Starting at the first line of the records and stopping at the line that contains "高い光沢度を誇る白インクをシ", transcribe every line exactly and leave out the pictures.

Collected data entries
***
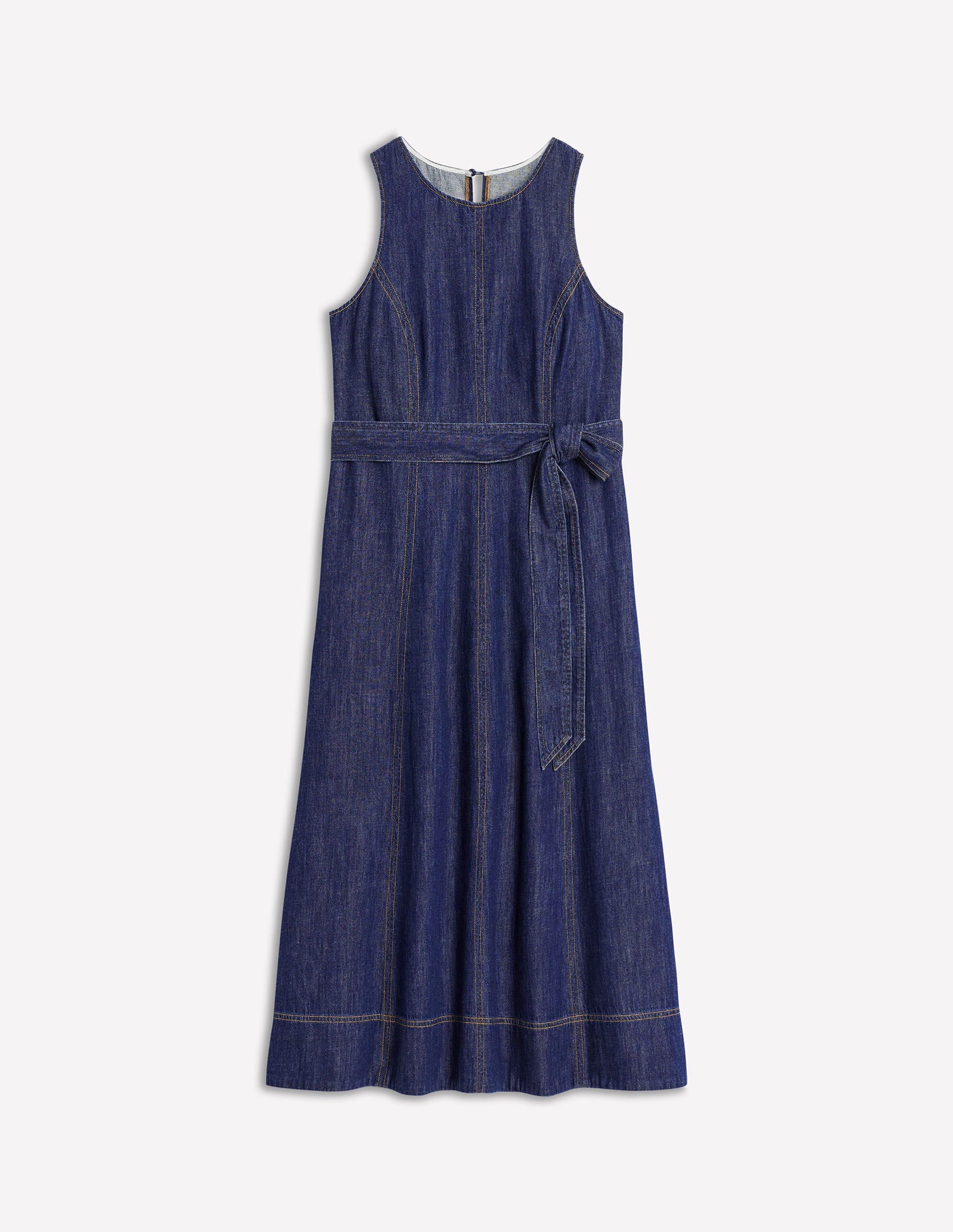 This sleeveless denim dress is like a new best friend: it’ll make you feel good and always be there for you. The sculpted bodice shape and ever-so-slightly flared skirt with tie belt will see you through many summer memories.
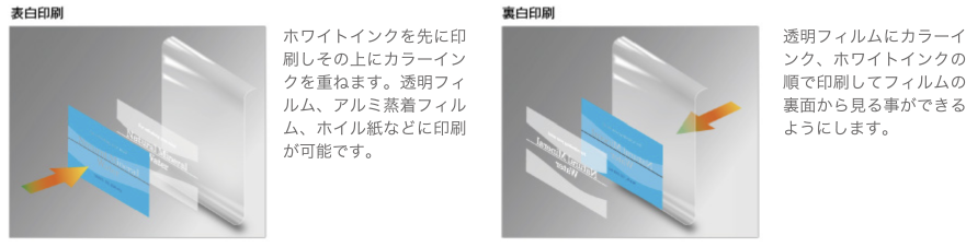 高い光沢度を誇る白インクをシングルパスで印刷することで、透明基材やメタリック基材に対してカラー印刷を行うための理想的なベースとなるホワイト層を提供します。もちろん白文字や白線も高い濃度で再現可能です。尚、ホワイト印刷の順序は用途に応じて2通りから選択可能。透明/不透明の基材どちらにも対応します。裏白印刷の場合、印刷物を巻き戻す、もしくはロールを差し替える必要があります。
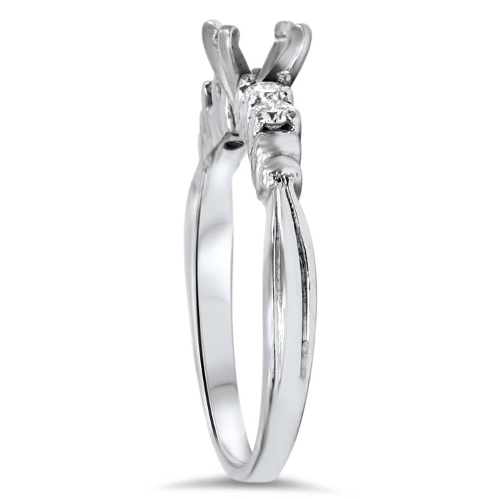 This 3/4ct Prong Diamond Ring Set by Pompeii3 offers timeless sophistication. With nine round brilliant cut natural diamonds prong-set in white gold, this wedding set is both classic and customizable for your perfect center stone.
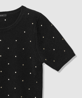 上質な紡毛ウールにドット刺繍を施した、リュクスな表情のハーフスリーブプルオーバー。
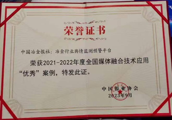 近日,《中國(guó)新聞出版深度融合發(fā)展年鑒》(2021—2024年卷)正式面向海內(nèi)外公開(kāi)發(fā)行,《冶金行業(yè)輿情監(jiān)測(cè)預(yù)警平臺(tái)項(xiàng)目》入編該書(shū)創(chuàng)新案例樣本。
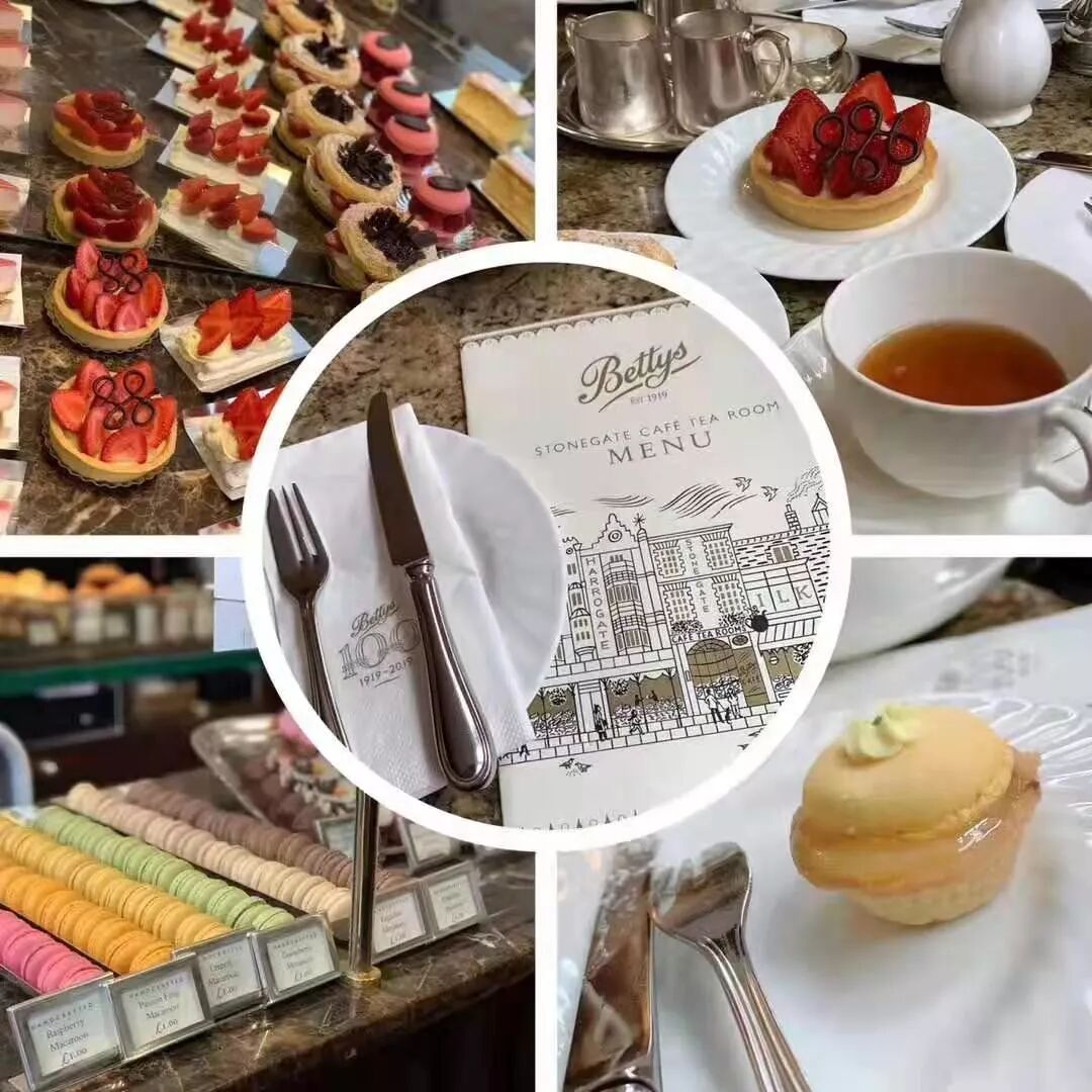 在约克,有众多餐馆供应传统英国佳肴和美国菜式,还有咖啡馆式的简餐店。最具地方特色的约克郡布丁不容错过,除下午茶时间,可享用茶点和蛋糕。我们在贝蒂茶屋(Betty's Tea Room)享受一餐具有闲适气息的英国式下午茶,伴着悠扬的现场钢琴演奏,沉浸在浓郁茶香和蛋糕气息中,舒适惬意。
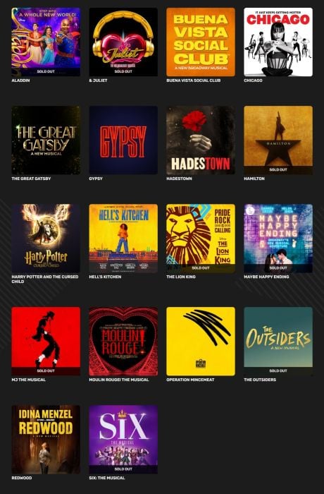 The participating shows are: Aladdin; & Juliet; Buena Vista Social Club; Chicago; *The Great Gatsby; Gypsy; Hadestown; Hamilton; Harry Potter and the Cursed Child; Hell’s Kitchen; The Lion King; Maybe Happy Ending; MJ; Moulin Rouge! The Musical; Operation Mincemeat: A New Musical; The Outsiders; Redwood; and *SIX: The Musical.
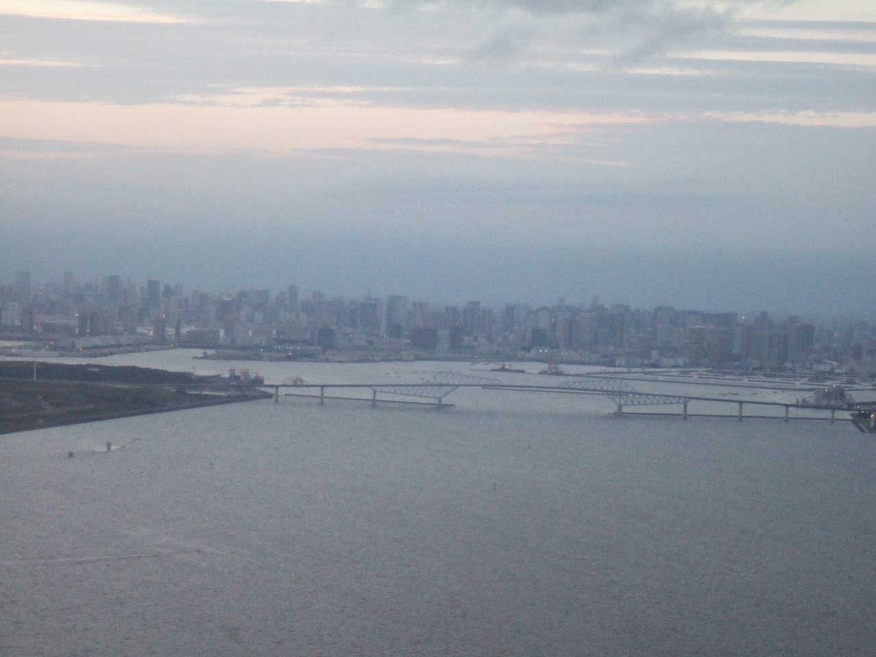東京港の埋め立て地にかかる大きな橋。大阪の南大橋のように目立つ色はしていませんが、とにかく形にインパクトがあります。羽田空港の第2ターミナルからも見えますが、機内からも良く見え、夜はライトアップがされていて綺麗です。
***
> [Written answer]:
 This sleeveless denim dress is like a new best friend: it’ll make you feel good and always be there for you. The sculpted bodice shape and ever-so-slightly flared skirt with tie belt will see you through many summer memories.
 高い光沢度を誇る白インクをシングルパスで印刷することで、透明基材やメタリック基材に対してカラー印刷を行うための理想的なベースとなるホワイト層を提供します。もちろん白文字や白線も高い濃度で再現可能です。尚、ホワイト印刷の順序は用途に応じて2通りから選択可能。透明/不透明の基材どちらにも対応します。裏白印刷の場合、印刷物を巻き戻す、もしくはロールを差し替える必要があります。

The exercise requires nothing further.